_What you should do_
Could you copy exactly the lines from the start of the records through the one containing "ရခိုင်ပြည်နယ် စစ်တွေ၊ ကျောက်တော်၊", both included, and leave out the pictures?
--- Study material Enclosed Below ---
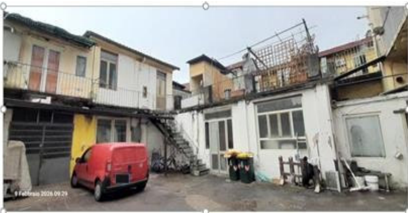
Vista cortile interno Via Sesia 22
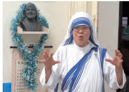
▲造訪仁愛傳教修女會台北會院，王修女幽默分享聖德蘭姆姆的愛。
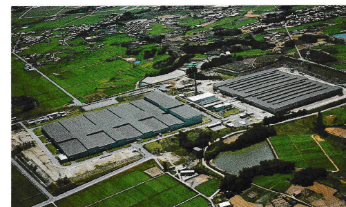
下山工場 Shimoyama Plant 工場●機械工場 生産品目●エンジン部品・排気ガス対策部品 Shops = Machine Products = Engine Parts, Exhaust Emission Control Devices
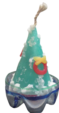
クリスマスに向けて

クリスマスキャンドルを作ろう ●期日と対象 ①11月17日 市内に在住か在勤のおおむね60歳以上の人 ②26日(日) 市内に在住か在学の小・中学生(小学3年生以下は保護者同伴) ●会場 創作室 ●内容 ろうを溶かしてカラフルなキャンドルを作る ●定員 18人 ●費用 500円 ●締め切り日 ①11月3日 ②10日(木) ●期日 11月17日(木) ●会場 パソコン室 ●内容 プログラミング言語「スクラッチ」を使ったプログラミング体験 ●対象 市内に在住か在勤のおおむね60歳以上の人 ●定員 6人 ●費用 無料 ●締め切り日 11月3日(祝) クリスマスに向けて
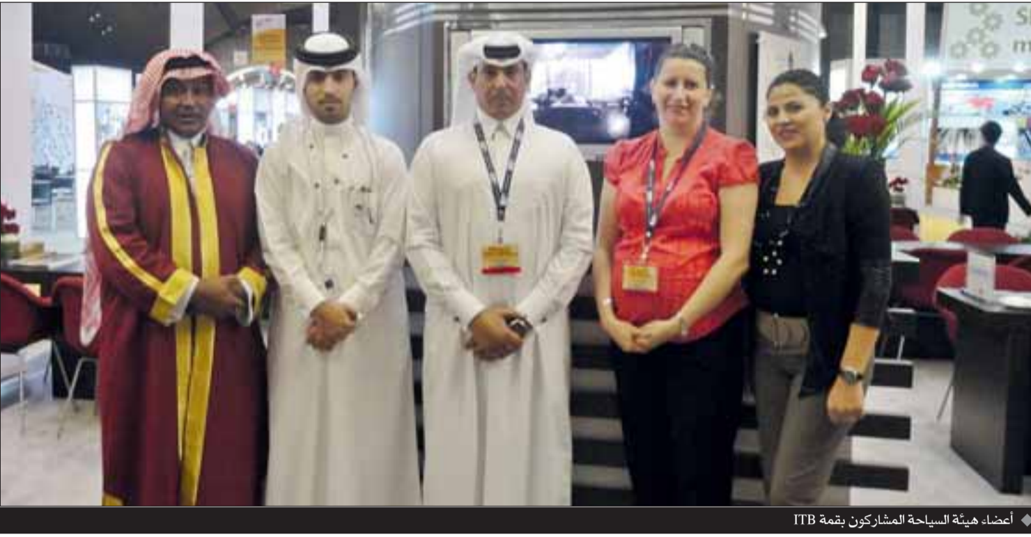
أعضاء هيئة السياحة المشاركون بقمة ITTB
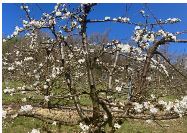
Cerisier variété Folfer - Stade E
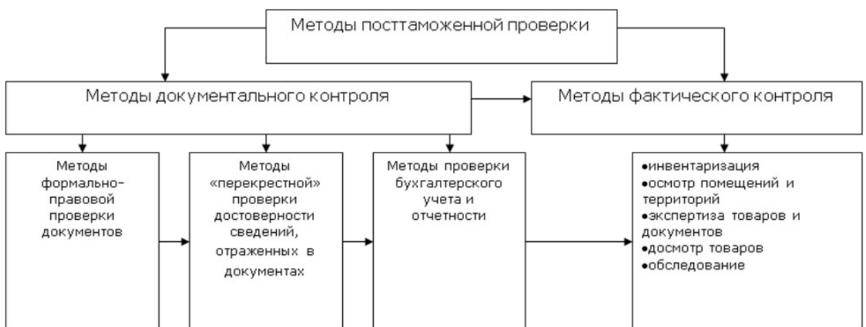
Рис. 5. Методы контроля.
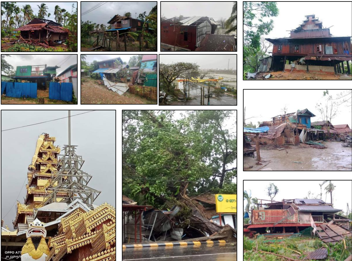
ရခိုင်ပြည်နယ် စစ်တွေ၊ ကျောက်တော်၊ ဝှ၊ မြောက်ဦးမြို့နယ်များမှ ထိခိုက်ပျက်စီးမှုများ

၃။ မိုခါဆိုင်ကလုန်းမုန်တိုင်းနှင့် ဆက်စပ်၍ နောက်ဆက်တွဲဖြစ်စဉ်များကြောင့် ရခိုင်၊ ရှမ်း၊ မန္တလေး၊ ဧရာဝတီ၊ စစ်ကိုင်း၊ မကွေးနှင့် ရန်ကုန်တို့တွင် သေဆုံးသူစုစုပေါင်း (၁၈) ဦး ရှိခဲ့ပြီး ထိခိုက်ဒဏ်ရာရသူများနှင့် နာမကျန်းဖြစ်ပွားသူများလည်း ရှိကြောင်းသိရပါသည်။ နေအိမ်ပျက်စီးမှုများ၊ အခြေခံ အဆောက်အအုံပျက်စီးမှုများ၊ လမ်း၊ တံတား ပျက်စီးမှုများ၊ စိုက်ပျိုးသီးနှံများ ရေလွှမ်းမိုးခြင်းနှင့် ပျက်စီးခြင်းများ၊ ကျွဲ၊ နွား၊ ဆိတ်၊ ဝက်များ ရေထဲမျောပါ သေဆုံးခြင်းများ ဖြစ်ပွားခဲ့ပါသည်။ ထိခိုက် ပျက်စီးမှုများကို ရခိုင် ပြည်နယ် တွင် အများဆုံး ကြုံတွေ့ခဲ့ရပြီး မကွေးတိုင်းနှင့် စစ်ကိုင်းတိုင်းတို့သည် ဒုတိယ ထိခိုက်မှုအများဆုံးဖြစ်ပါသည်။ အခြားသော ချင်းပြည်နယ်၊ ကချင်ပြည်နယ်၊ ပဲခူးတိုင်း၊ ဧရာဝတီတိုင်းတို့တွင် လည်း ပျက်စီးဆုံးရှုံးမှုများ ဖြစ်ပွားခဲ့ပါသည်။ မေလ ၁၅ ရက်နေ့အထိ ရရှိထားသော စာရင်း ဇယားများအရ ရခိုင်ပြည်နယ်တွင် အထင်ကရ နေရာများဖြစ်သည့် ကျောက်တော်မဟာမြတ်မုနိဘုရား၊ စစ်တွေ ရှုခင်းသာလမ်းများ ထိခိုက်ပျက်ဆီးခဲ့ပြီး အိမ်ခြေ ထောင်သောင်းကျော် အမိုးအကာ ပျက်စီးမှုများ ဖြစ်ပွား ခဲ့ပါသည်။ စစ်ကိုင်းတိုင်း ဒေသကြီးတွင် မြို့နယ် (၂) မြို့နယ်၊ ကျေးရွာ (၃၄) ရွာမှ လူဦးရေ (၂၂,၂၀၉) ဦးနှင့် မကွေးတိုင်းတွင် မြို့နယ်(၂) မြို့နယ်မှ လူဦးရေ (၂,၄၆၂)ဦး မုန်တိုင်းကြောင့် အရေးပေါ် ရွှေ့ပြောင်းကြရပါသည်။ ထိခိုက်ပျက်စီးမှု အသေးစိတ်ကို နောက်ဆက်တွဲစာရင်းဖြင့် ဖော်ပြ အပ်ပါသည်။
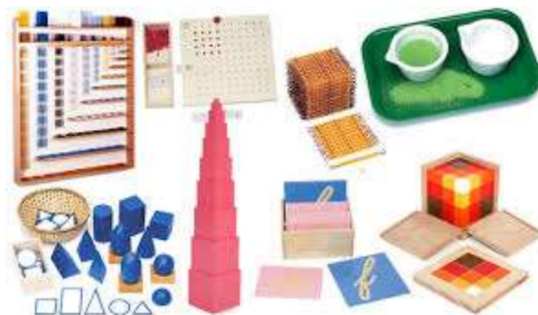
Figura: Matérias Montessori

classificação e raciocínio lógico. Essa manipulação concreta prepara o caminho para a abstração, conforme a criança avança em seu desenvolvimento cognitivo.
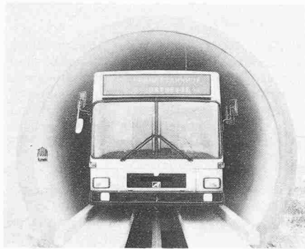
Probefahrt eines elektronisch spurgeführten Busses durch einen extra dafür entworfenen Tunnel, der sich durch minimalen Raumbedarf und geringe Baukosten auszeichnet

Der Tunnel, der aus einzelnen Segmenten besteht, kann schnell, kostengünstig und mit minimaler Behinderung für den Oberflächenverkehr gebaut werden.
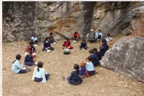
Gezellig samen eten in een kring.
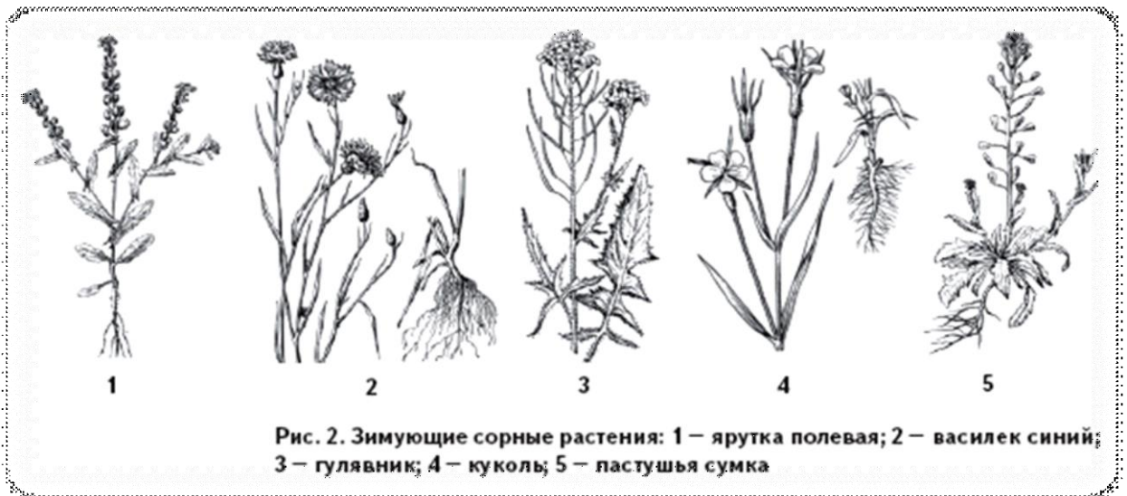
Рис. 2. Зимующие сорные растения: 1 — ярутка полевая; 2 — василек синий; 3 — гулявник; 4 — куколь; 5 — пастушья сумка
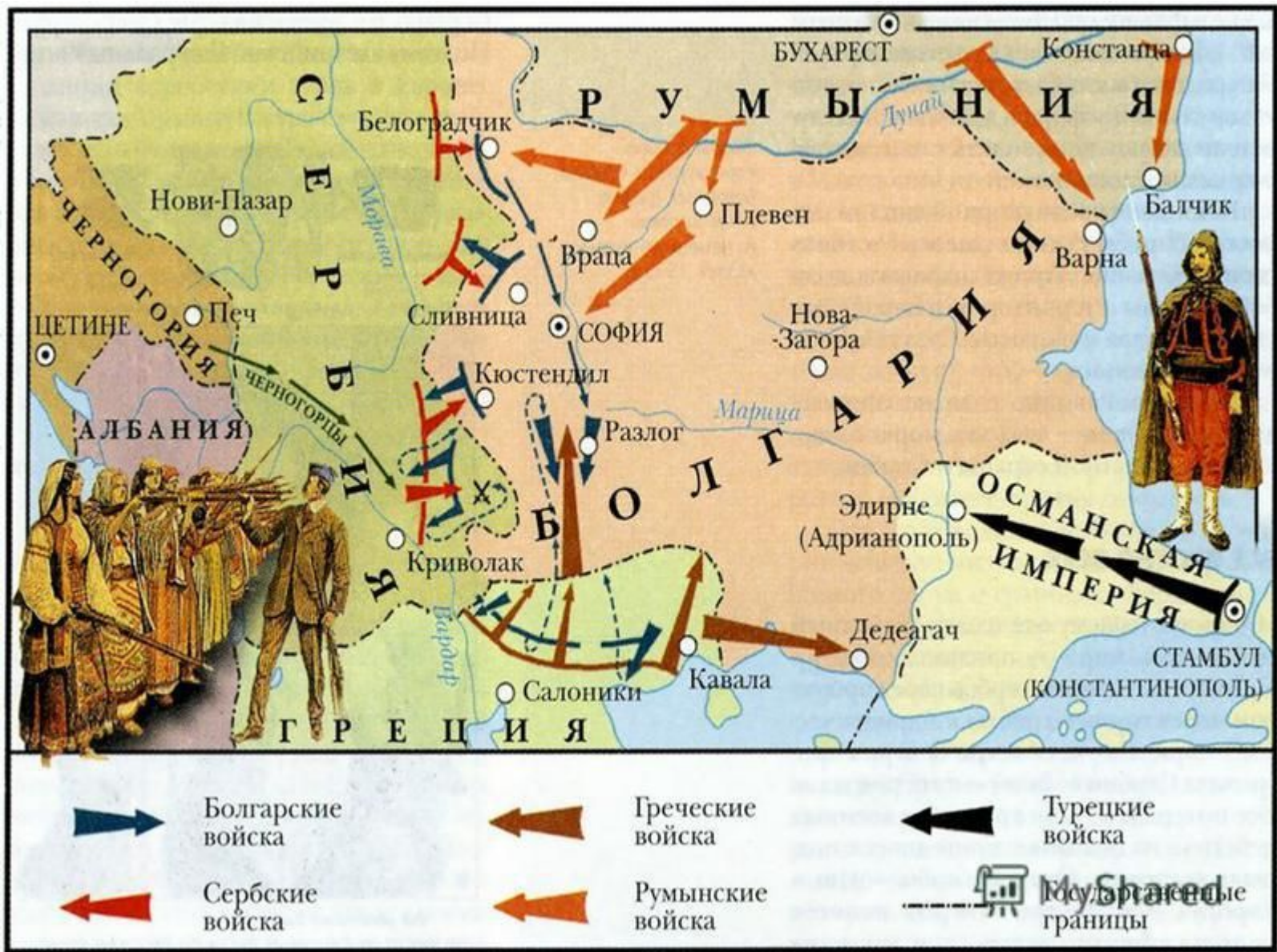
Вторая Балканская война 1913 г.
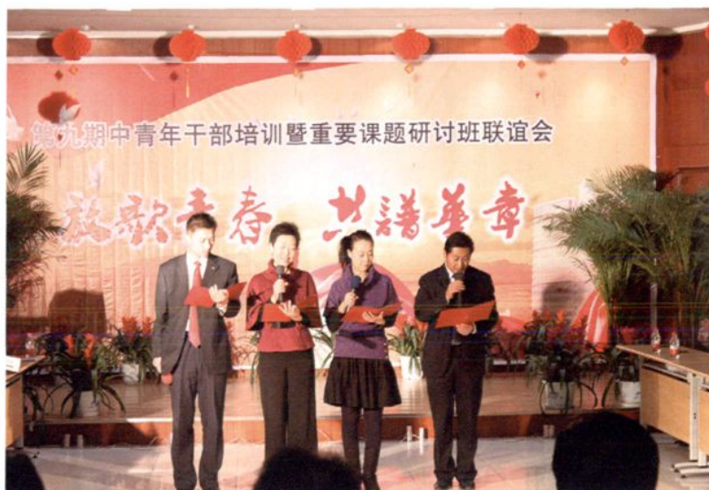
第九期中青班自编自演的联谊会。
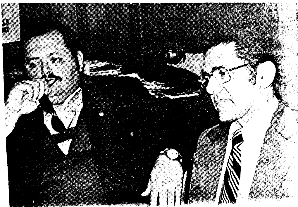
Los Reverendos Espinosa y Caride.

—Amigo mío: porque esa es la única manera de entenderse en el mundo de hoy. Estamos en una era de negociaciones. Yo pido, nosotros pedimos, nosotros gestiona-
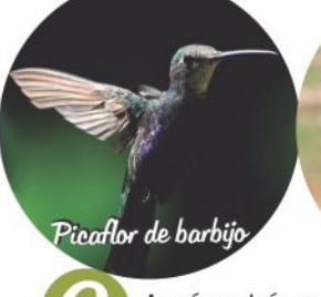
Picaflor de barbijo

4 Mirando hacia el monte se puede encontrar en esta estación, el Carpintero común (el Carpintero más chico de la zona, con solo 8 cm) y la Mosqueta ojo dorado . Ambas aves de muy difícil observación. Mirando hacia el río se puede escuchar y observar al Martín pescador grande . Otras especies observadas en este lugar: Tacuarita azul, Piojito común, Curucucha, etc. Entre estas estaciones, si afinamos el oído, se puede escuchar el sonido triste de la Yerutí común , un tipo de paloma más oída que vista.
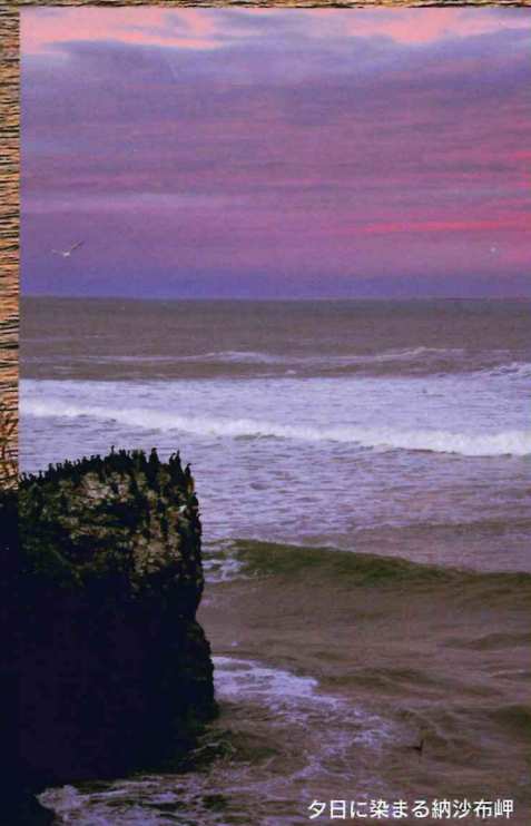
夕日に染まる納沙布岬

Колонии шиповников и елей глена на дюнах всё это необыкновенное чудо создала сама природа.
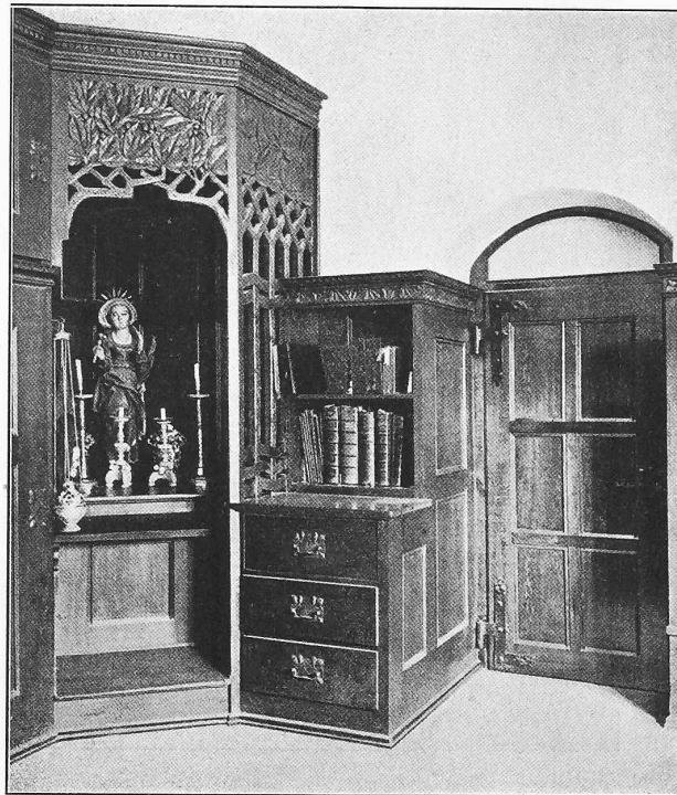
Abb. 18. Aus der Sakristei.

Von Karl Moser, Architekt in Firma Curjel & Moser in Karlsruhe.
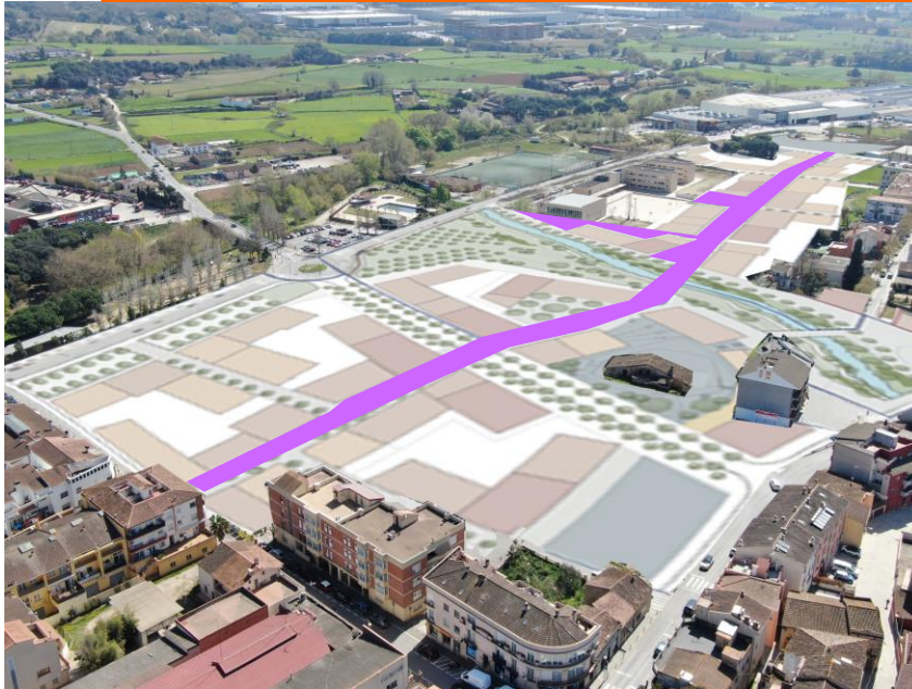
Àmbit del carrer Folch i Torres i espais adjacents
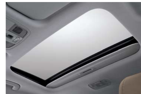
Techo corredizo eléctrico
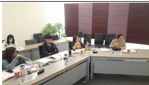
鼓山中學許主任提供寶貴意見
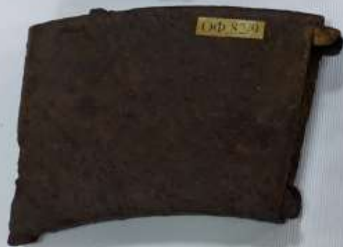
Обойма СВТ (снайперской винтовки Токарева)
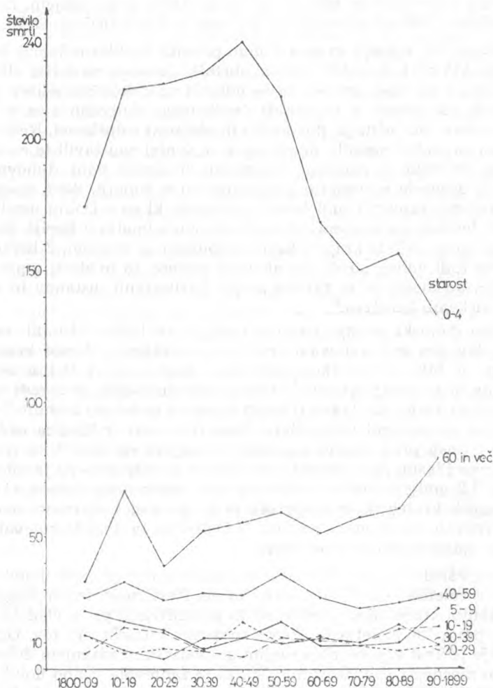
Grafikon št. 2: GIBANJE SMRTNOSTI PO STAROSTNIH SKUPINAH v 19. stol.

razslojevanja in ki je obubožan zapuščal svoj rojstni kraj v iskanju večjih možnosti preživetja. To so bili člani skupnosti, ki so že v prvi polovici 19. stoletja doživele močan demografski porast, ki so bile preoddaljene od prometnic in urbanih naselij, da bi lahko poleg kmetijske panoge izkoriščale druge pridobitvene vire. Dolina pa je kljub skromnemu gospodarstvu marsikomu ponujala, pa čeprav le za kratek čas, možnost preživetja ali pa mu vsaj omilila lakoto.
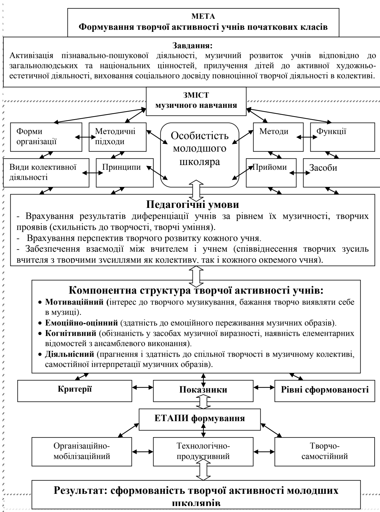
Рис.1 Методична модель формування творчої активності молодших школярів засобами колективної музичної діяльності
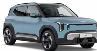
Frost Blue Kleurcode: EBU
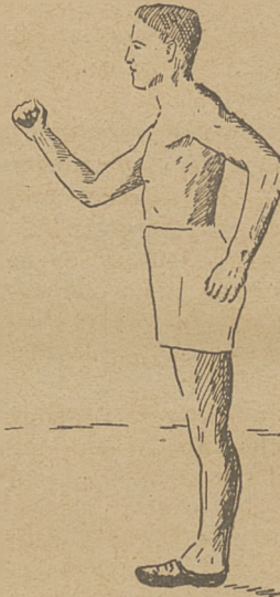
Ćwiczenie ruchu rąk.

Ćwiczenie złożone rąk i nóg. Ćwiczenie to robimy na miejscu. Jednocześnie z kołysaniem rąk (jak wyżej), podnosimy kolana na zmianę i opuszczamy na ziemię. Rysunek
--- End of Enclosed Study material ---
_Solved problem_
Vista cortile interno Via Sesia 22
▲造訪仁愛傳教修女會台北會院，王修女幽默分享聖德蘭姆姆的愛。
下山工場 Shimoyama Plant 工場●機械工場 生産品目●エンジン部品・排気ガス対策部品 Shops = Machine Products = Engine Parts, Exhaust Emission Control Devices
クリスマスに向けて

クリスマスキャンドルを作ろう ●期日と対象 ①11月17日 市内に在住か在勤のおおむね60歳以上の人 ②26日(日) 市内に在住か在学の小・中学生(小学3年生以下は保護者同伴) ●会場 創作室 ●内容 ろうを溶かしてカラフルなキャンドルを作る ●定員 18人 ●費用 500円 ●締め切り日 ①11月3日 ②10日(木) ●期日 11月17日(木) ●会場 パソコン室 ●内容 プログラミング言語「スクラッチ」を使ったプログラミング体験 ●対象 市内に在住か在勤のおおむね60歳以上の人 ●定員 6人 ●費用 無料 ●締め切り日 11月3日(祝) クリスマスに向けて
أعضاء هيئة السياحة المشاركون بقمة ITTB
Cerisier variété Folfer - Stade E
Рис. 5. Методы контроля.
ရခိုင်ပြည်နယ် စစ်တွေ၊ ကျောက်တော်၊ ဝှ၊ မြောက်ဦးမြို့နယ်များမှ ထိခိုက်ပျက်စီးမှုများ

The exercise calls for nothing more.